The Art of Rejection
Recently, I found myself chasing a business opportunity that had me genuinely excited. It felt like a reasonably good fit for my skillset, aligned with my professional goals, and maybe even my ego. So I threw my hat in the ring – which is to say I did the corporate dance of several polite Zooms with the C-suite, one of those faintly awkward “chemistry checks” with the CEO, and then a final, high-stakes presentation—basically a live audition for the part I hoped to play.
While you can never be sure how you’re landing in the room, I walked away feeling quietly confident. A week passed. Then two. Nothing but crickets! And then finally, the email came, wanting to thank me for my time, and to let me down easy. We always imagine that adulthood, and our carefully tailored professional suit of armor will protect us. But if I’m being honest, it still hurt. And I was not the better of it for a few days after. Because suddenly, I was nine years old again, standing on the edge of the kickball field, the last one picked, pretending not to care – when in fact I did.
Why Rejection Hurts So Much
Why does rejection still feel so personal—even when we know, rationally, it may not be? I think it’s because as humans we are hardwired to seek connection. In our evolutionary past, rejection from the group often meant isolation—and maybe death. So it’s no surprise that the sting of rejection registers powerfully in the brain. In fact, MRI studies have shown that the same regions of the brain activated by physical pain also light up during experiences of social rejection. That’s why getting dumped, or ghosted (or even a nicely worded email) can feel like being punched in the gut. Your brain treats it like you’ve been physically wounded.

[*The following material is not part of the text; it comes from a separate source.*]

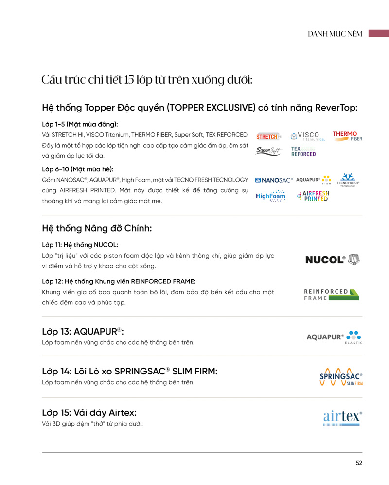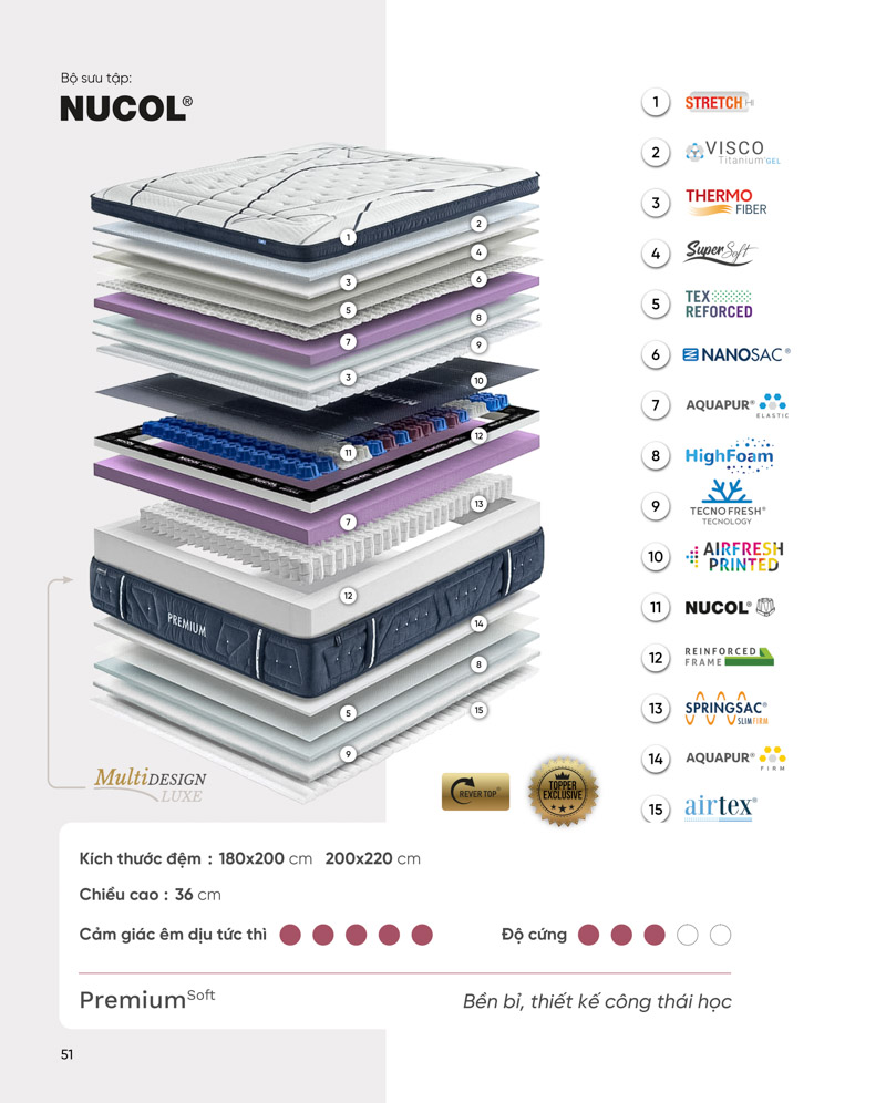 Premium Soft là biểu tượng của Bộ sưu tập Nucol®, được thiết kế với sự mềm mại, sáng tạo và ấm cúng. Lớp Nanosac® mang lại hiệu ứng “mây” độc đáo, kết hợp lõi Springsac® được cấp bằng sáng chế cho khả năng nâng đỡ tối ưu. Các vật liệu tiên tiến như Thermo Fiber, Aquapur® và TecnoFresh® giúp điều hòa nhiệt và thông khí vượt trội. Hệ thống Nucol® hỗ trợ theo vùng, đảm bảo giấc ngủ êm sâu, mát lạnh và thoải mái trọn vẹn – đỉnh cao của nghệ thuật nghỉ ngơi Gomarco.

But the pain of rejection isn’t just physical—it’s also psychic. The human brain is a meaning-seeking machine, and so we tend to look for narrative where often they may be none. We don’t think, “Too bad, I guess that wasn’t a good fit.” Instead, we may think, “I wasn’t good enough.” Rejection has a sneaky way of tapping into our deepest insecurities. “Maybe I’m just not interesting enough. Or smart enough. Or polished enough.” Take your pick. Rejection then becomes a kind of funhouse mirror in which we see only the worst possible version of ourselves reflected back. Ouch!
Nobody Knows Anything
Rejection, while it may sting, rarely tells us anything conclusive about ourselves. It’s far more likely to reveal something about the other person’s preferences, priorities, blind spots or timing. History is full of embarrassing rejection letters that have not aged well. Most famously, there was the one sent to Brian Epstein, the manager of a new band from Liverpool. After an audition with Decca Records in 1962, Epstein received a letter from Dick Rowe, the head of A&R, who was passing on the band because “guitar groups are on the way out.” The band, of course, was The Beatles.

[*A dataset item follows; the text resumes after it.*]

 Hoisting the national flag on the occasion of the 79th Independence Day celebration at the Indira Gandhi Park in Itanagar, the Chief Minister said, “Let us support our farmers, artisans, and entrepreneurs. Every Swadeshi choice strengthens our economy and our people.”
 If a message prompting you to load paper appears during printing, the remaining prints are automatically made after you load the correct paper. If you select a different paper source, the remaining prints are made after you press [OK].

Before she became a publishing phenomenon, legend has it that J.K. Rowling’s Harry Potter and the Philosopher’s Stone was rejected by 12 publishers, all telling her it was “too long” and that “children just aren’t reading that much anymore.” Even Steven Spielberg was rejected twice by the University of Southern California’s film school who saw no promise in the young filmmaker. A few years later, he directed Jaws. It’s tempting now to laugh at these pronouncements, but I think there is also a good lesson here: nobody really knows anything. The gatekeepers are human and flawed, just like us. At some point, we all will make the wrong call, overlook somebody, or fail to recognize a good idea when it’s staring us in the face.

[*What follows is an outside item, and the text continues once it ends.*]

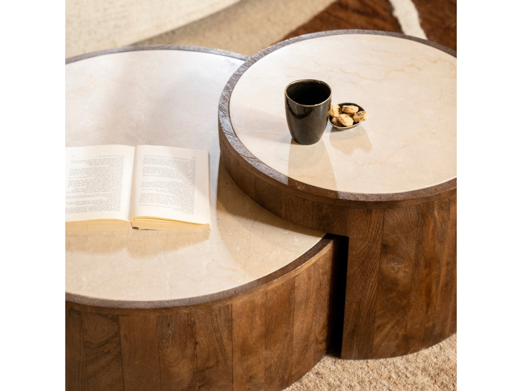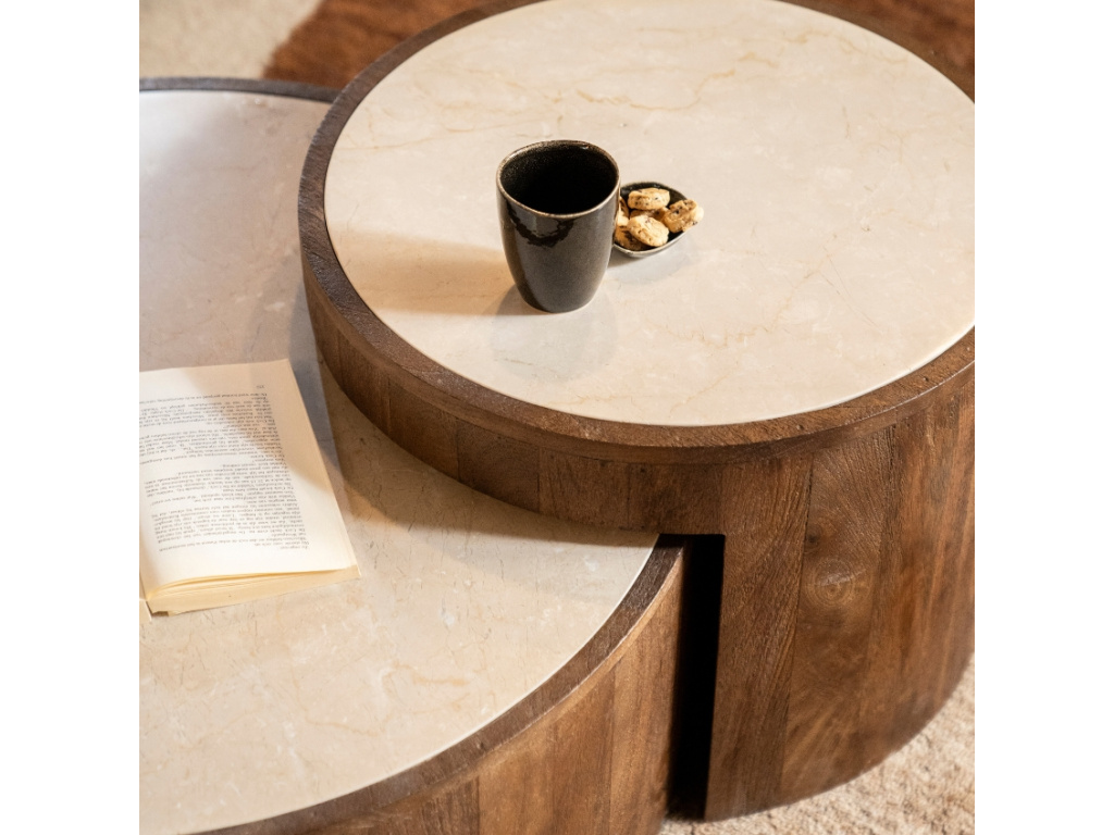 Set dvou konferenčních stolků Hazel od značky Eleonora je skvělým způsobem, jak přinést do vašeho domova kousek přírody. Desky stolků jsou vyrobeny z mramoru, který je kombinován s podnožemi z mangového dřeva, což dodává stolům přirozený a elegantní vzhled. Díky různým výškám stolů je můžete flexibilně kombinovat – jeden zasunout pod druhý, čímž vytvoříte originální kaskádovitý efekt. Tento design vám poskytne ideální prostor pro odložení šálku kávy, nebo vystavení dekorací a drobných předmětů, které budou ještě více vynikat.

What Rejection Can Teach Us
While nobody likes to hear the word “No” – perhaps it may offer some useful information? What about the project / offering / proposal did not land? Maybe there is a chance to improve upon it, or take it in a different direction? Pixar’s famous philosophy of creativity can be summed up by the phrase: “Fail fast, fail early, fail often.” In this way, failure is seen not as the enemy, but as an essential part of getting to something good, and therefore to be welcomed.
We might also recognize that rejection is rarely a verdict on our fundamental worth, but rather a sophisticated form of “compatibility assessment.” When someone declines our romantic advances, turns down our job application, or rejects our creative work, they are not declaring us deficient as human beings. They are simply acknowledging a mismatch between what they need and what we offer. Some people like opera; we play jazz. C’est la vie. The rejection becomes less a judgment of our intrinsic value and more an external sorting mechanism that can save us from relationships, roles, or situations that might ultimately not suit us at all.
Rejection can also serve as a useful guide to clarifying our values, and level of commitment. How much did you really want that job, relationship, opportunity? Was it a passing whim – or something you’re willing to fight for? If it’s the latter, then no amount of rejection should keep you from it. Each “no” we encounter offers us a chance to recommit to our idea—a skill that is invaluable in a world that rarely arranges itself according to our preferences.
Finally, we might embrace rejection as one of life’s more reliable teachers of resilience and humility. Nobody wins an Oscar every time. What matters is that we keep showing up—with better ideas, a stronger vision, and thicker skin. Rejection will always be part of the process. But history has shown, again and again, that it doesn’t get the last word.